The impact digital technology is having on consumer behavior is obvious, the less obvious matter however is how do you deliver content and information and make money doing it.

Does Hollywood have a role to play in this new eco-system? According to Daniel Ornstein, Warner Brothers’ Home Entertainment front man, all the studios are primed with digital divisions and these divisions “spend a lot of time and energy not looking at the obvious ways of doing things, but in innovative ways”.  He gave the example of dealing with DVD distribution and returns as a drain on funds that disappear as soon as you introduce downloads.  And it is start-ups and outside sources that fuel this “reinventing” of delivery, access and marketing of WB content he declared.

“We work with accelerators with more than just money and advice,” he explained, but didn’t elaborate.  Instead he revealed one of the significant benefits to the WB, “Soft benefits –our “spend” time with people who think completely different than our people.”

Maria Pacheco, DreamWorks Animation, Sr.

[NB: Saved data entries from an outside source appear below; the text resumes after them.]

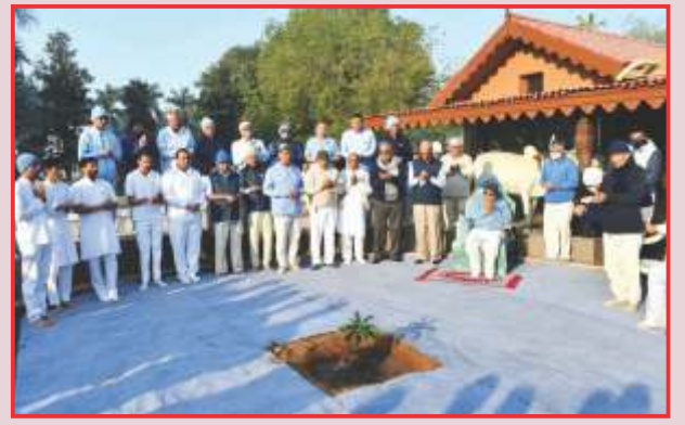
પ્રાસાદિક આમ્રવૃક્ષના વાવેતર પ્રસંગે સંતો સાથે ધૂન-પ્રાર્થના અર્પણ

૩૧ જાન્યુઆરી, શુક્રવાર... 'ઉપાસના'ના 'સામીપ્ય'માં સંતો-ભક્તોને ગોષ્ઠિનો લાભ આપ્યો. ◆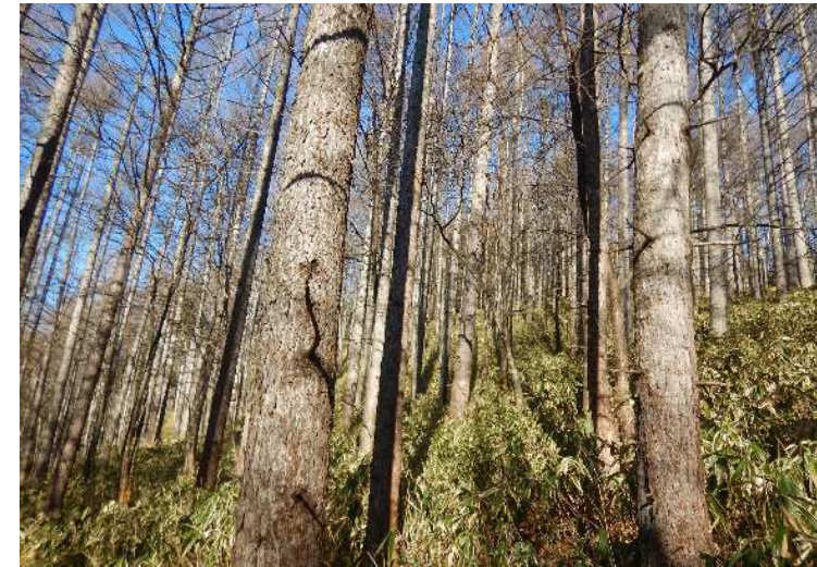
収穫間伐予定箇所 95林班と2小班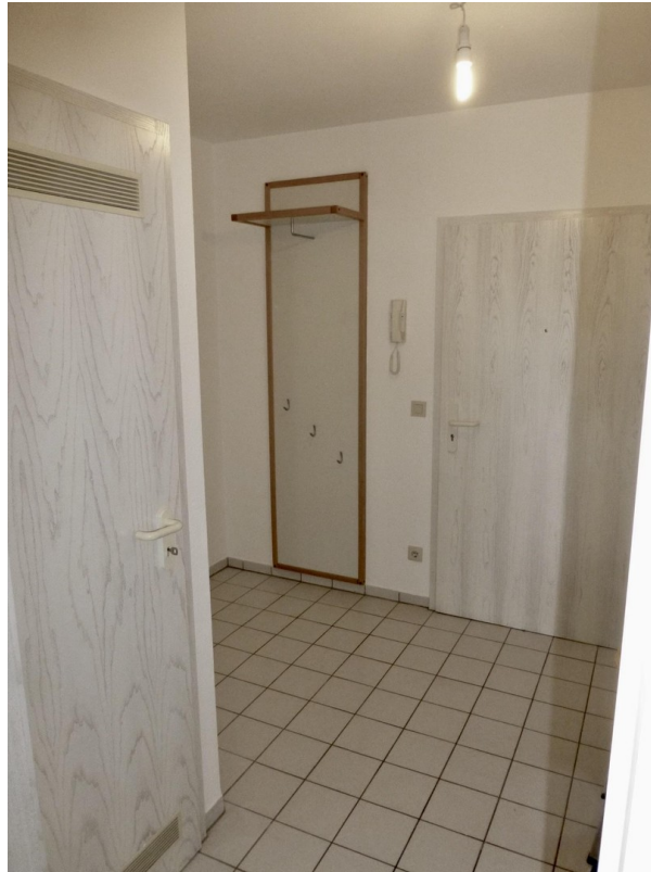
Eingangsbereich / Flur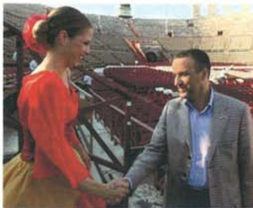
Verona. Carolina Kostner e il sindaco Flavio Tosi, che è presidente della Fondazione Arena di Verona.

che i giornali si occupano di atleti come la Pellegrini e Magnini più per le loro vicende sentimentali che per quelle sportive?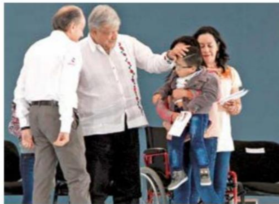
GIRA. El Presidente estuvo en San Luis Potosí, donde entregó apoyos y afirmó que se impulsará la zona para explotar su lado turístico y generar riqueza.

alojo en el Infonavit. Se tiene que arreglar. Se tienen que reestructurar los créditos, porque la gente del Infonavit paga, paga y paga".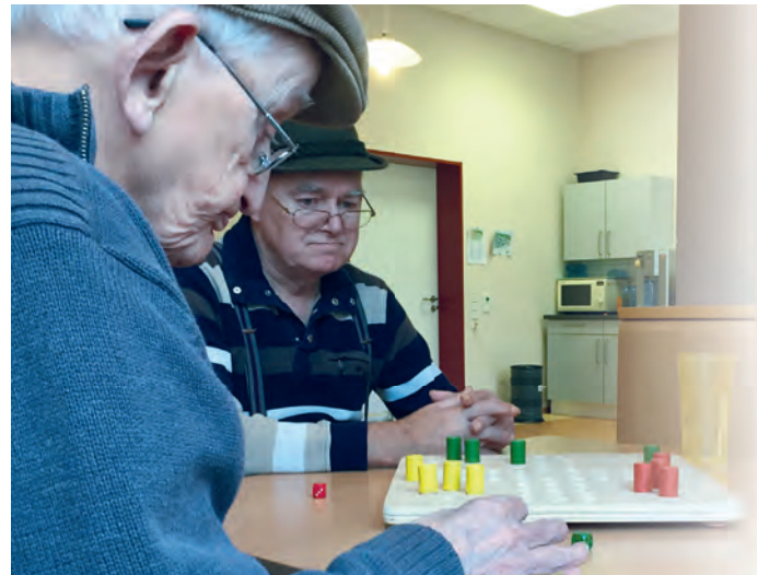
Gesellschaftsspiele in der Freizeit.

Gemeinsam können Sie Ihre individuellen Fähigkeiten stärken und neue Ressourcen entdecken.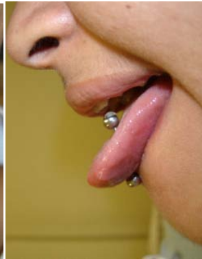
Fotografía 2. Piercing en la lengua es uno de los sitios de mayor predilección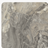
Cipollino Marmor grau F093 ST7 Oberflächenstruktur Smoothtouch Fine Pearl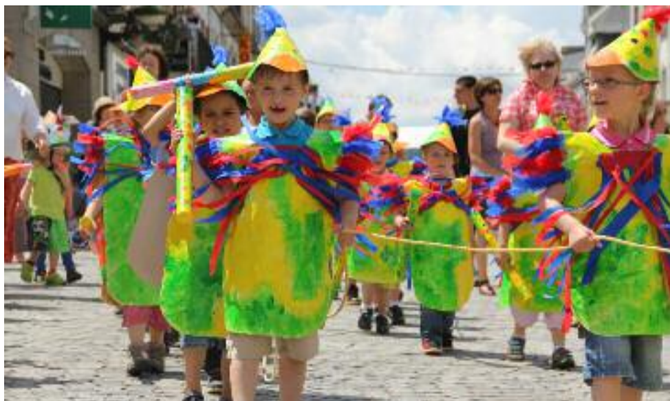
Du peps et de l'énergie à revendre pour les écoliers de Kerven.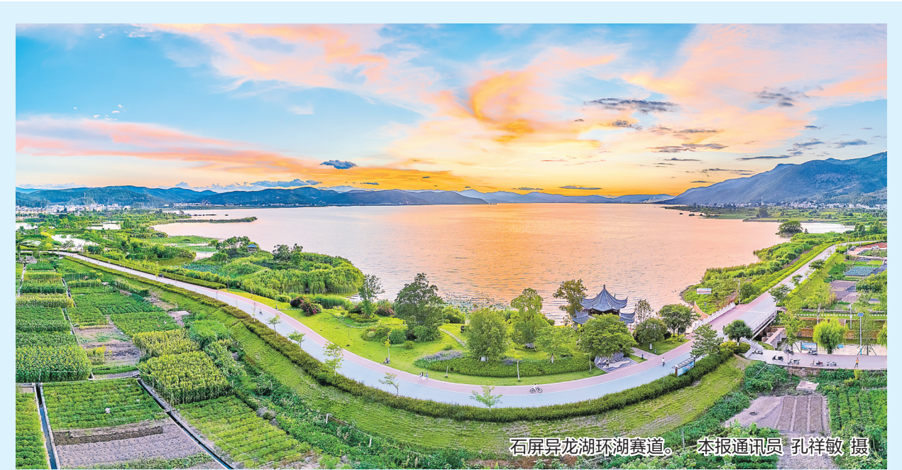
石屏异龙湖环湖赛道。

登报作废 △迟丽玲(身份证号:530129198405201328)遗失户口本,登报挂失。 △和彦梅遗失导游资格证,证号:DZG2015YN10334,登报作废。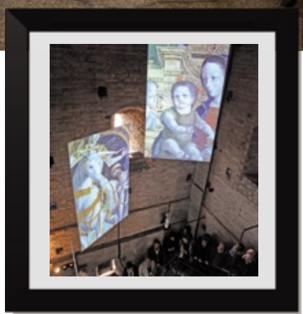
A lato il museo verticale di Treviglio

della cultura: un teatro da 200 posti, il museo verticale e due spazi polifunzionali; questo ha certamente contribuito a consolidare e aumentare l'offerta di iniziative. Fondamentale anche la collaborazione con associazioni e privati del terzo settore, per concordare la programmazione delle iniziative durante l'anno e creare una proposta strutturata. Abbiamo lavorato nonostante le difficoltà economiche che in questi anni hanno riguardato tutti i Comuni».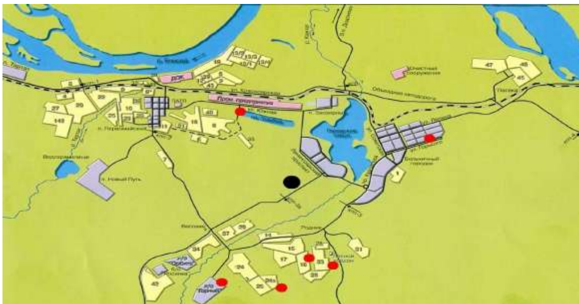
Рис. 2. Места отстрела медведей в городской черте г. Железногорска (красные точки); гибели женщины (чёрная точка)

После известной в июле 2009 г. трагедии, когда рано утром во время спортивной пробежки по лесному массиву на окраине города медведь напал на женщину и убил её. После этого случая при администрации г. Железногорска была организована специальная группа быстрого реагирования по профилактике хищничества и вынужденному отстрелу бурого медведя. За три летних сезона (2011-2013 гг) по сообщениям от граждан было зарегистрировано 72 случая проникновения медведей в городскую зону, в критических ситуациях было отстреляно 6 медведей.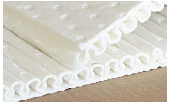
Tissue Paper - Ouate de cellulose La version SOFT absorbante et non abrasive

Director Marketing (Mobile) told the techies in attendance, “At Dream Works there are six of us and sometimes we get a little crazy, we are charged with internal education.”  This theme of the studio juggernauts lumbering through the new digital ecosystem wishing they could navigate the unpredictable landscape as nimbly as skateboards is one of the primary reasons that start-ups should reassure their parents, their “investor” uncles and their angel investors that they are in with a chance –not only do they ride skateboard, but they are not hampered by mega-systems that react with sloth-like slowness.

“We’re finally getting everyone on the same page,” Pacheco stated with a triumphant exhaling.  She cited their success with How to Fly Your Dragon, but revealed that it took al their muscle to get behind that one app.

Ornstein suggests start–up get shrewd about navigating the studio system, “Find the right department to approach,” he advises, “not the highest caliber person on LinkIn.”  Pacheco adds, “Have a strong 15 second elevator pitch”.  She explains that she gets hundreds of calls and e-mails every day, “if they don’t catch me in the first couple of seconds I’m on to the next.”

The possibility of techies finding traditional money to pursue their app dreams was slapped down… gently… by Steve Shapiro, City National Bank, Senior Vice President – Entertainment Division.  “We are looking for a person who has done well in a previous company and puts their name on the line (read: has the money to back the loan and signs it away along with children, all personal water crafts and expensive jewelry), or if a studio is backing them a purchase order, same as film financing.”  Shapiro did apologize for being dressed like a banker not a skateboarder, but made no apologies for being a banker.  “How are you going to pay us back?” was pretty much his embossed reverse side of his business card.

Shapiro did suggest a traditional model that he believes translates to techie start-ups, “Packaging, get a celebrity behind it –we’ll get involved based on the strength of the celebrity.”  Most of the attendees quickly scrolled through their iPhones and sighed.